You are viewing a plain text version of this content. The canonical link for it is here.
Posted to commits@couchdb.apache.org by da...@apache.org on 2020/02/13 22:15:03 UTC

[couchdb] 01/02: Track the size of data stored in a database

This is an automated email from the ASF dual-hosted git repository.

davisp pushed a commit to branch prototype/fdb-layer-track-database-size
in repository https://gitbox.apache.org/repos/asf/couchdb.git

commit 3cb5cd4a6604283f9de8523954af9cd2c3525b52
Author: Paul J. Davis <pa...@gmail.com>
AuthorDate: Wed Dec 4 11:38:48 2019 -0600

    Track the size of data stored in a database
    
    This tracks the number of bytes that would be required to store the
    contents of a database as flat files on disk.
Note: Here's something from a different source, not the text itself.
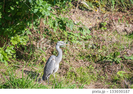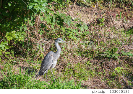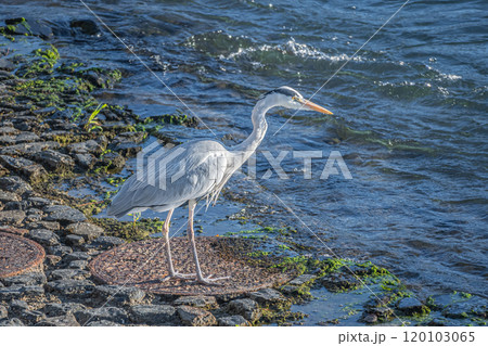 土佐堀川の川岸に佇むアオサギ 大阪市中之島公園

Currently the following
    items are tracked:
    
        * Doc ids
        * Revisions
        * Doc body as JSON
        * Attachment names
        * Attachment type
        * Attachment length
        * Attachment md5s
        * Attachment headers
        * Local doc id
        * Local doc revision
        * Local doc bodies
---
 src/couch/src/couch_att.erl                |  19 ++++
 src/fabric/include/fabric2.hrl             |   7 +-
 src/fabric/src/fabric2_db.erl              |  11 ++-
 src/fabric/src/fabric2_fdb.erl             | 144 ++++++++++++++++++++++++-----
 src/fabric/src/fabric2_util.erl            |  52 +++++++++++
 src/fabric/test/fabric2_doc_crud_tests.erl |   5 +-
 6 files changed, 209 insertions(+), 29 deletions(-)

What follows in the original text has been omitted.